Interim Tory leader Ambrose says Clinton’s defeat not a rejection of women

By John Cotter, The Canadian Press

EDMONTON – Interim Conservative leader Rona Ambrose says Hillary Clinton’s defeat in the U.S. presidential election was not a rejection of women in politics.

Ambrose said her take on Donald Trump’s victory is that the Democrats lost touch with working people — a lesson that Prime Minister Justin Trudeau should heed.

“There is a message there and I don’t think the message is that people don’t want a woman in politics,” Ambrose said Thursday.

“I do think that it is a message for left-of-centre politicians who focus on large policies that are out of touch with regular working people. We saw that in the U.S. election. We saw that in Brexit,” she said.

“It is a message to Mr. Trudeau, who is more interested in impressing bureaucrats at the United Nations with his big policies that really are hurting working people. And the more out of touch you are with regular working people … the more you will be rejected.”

Ambrose made the remarks at a news conference she called to protest the Liberal government’s plan to move a federal immigration processing office and its 280 jobs to Edmonton from Vegreville, a rural town in eastern Alberta.

Her visit comes after the only two women candidates in the Alberta Progressive Conservative leadership race announced they were dropping out.

Calgary legislature member Sandra Jansen said she quit because of ongoing online harassment. She also said she was bullied at last weekend’s policy convention by another candidate’s volunteers over her support of women’s reproductive rights.

Ambrose said being hassled is part of the job for women in politics. The answer is to keep confronting it head on and hopefully it will go away.

“Listen, politics is a tough sport,” she said.

“Any woman who is in politics will tell you that they have experienced intimidation and harassment, but … when you are faced with that kind of situation, you have to call it out.

“That is what you do on a daily basis. You confront it. You name it. You deal with it.

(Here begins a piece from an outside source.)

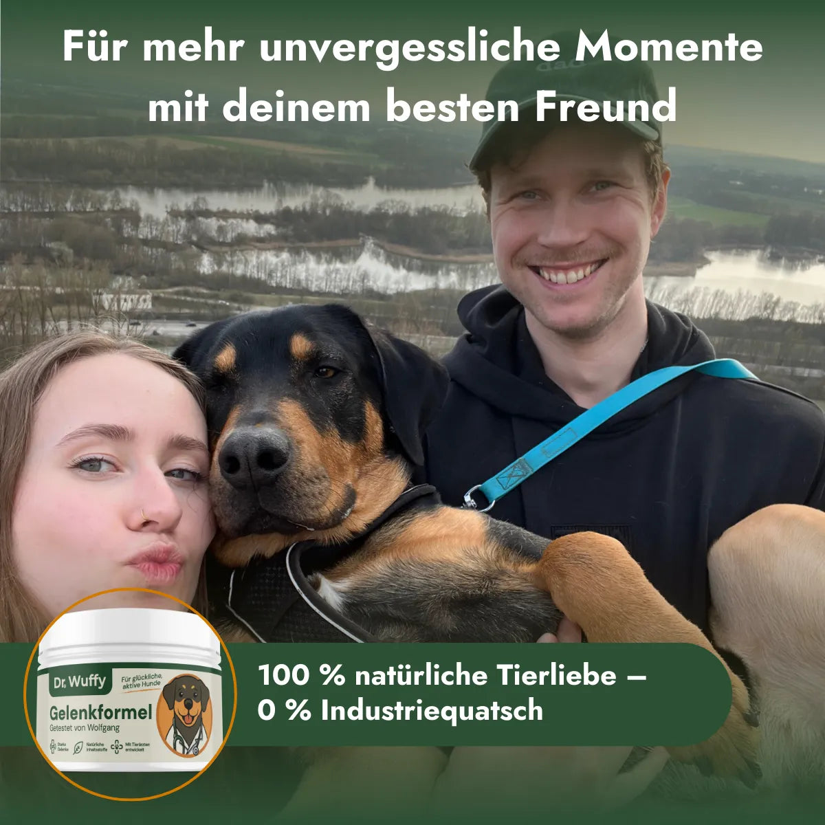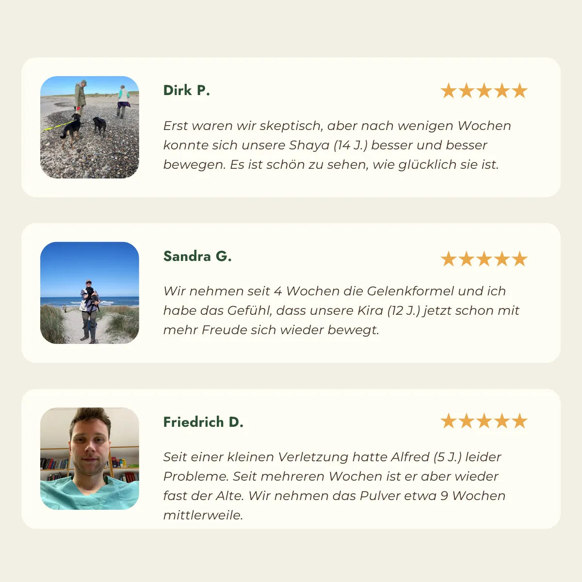 Viele Hundebesitzer berichten schon nach wenigen Wochen über positive Veränderungen: Ihr Hund wirkt vitaler, zeigt mehr Freude an Bewegung und ist wieder aktiver im Alltag. Unsere Formel ist frei von künstlichen Zusätzen und wurde mit viel Liebe und wissenschaftlicher Sorgfalt entwickelt – natürlich getestet von Wolfgang!

All of us do … so that those people that do the harassing and the intimidation and the bullying — particularly online — are seen for what they are, and that is important.”

Women from different political parties who are concerned about the harassment of Jansen were to hold a rally in Calgary on Thursday afternoon.

Nirmala Naidoo, who ran for the federal Liberals in the last election, said the bullying of women in politics cannot be tolerated.

“We need women in politics and it’s hard enough to convince good women to run, she said. “The last thing we need is the bullying of brave women into dropping out of races.”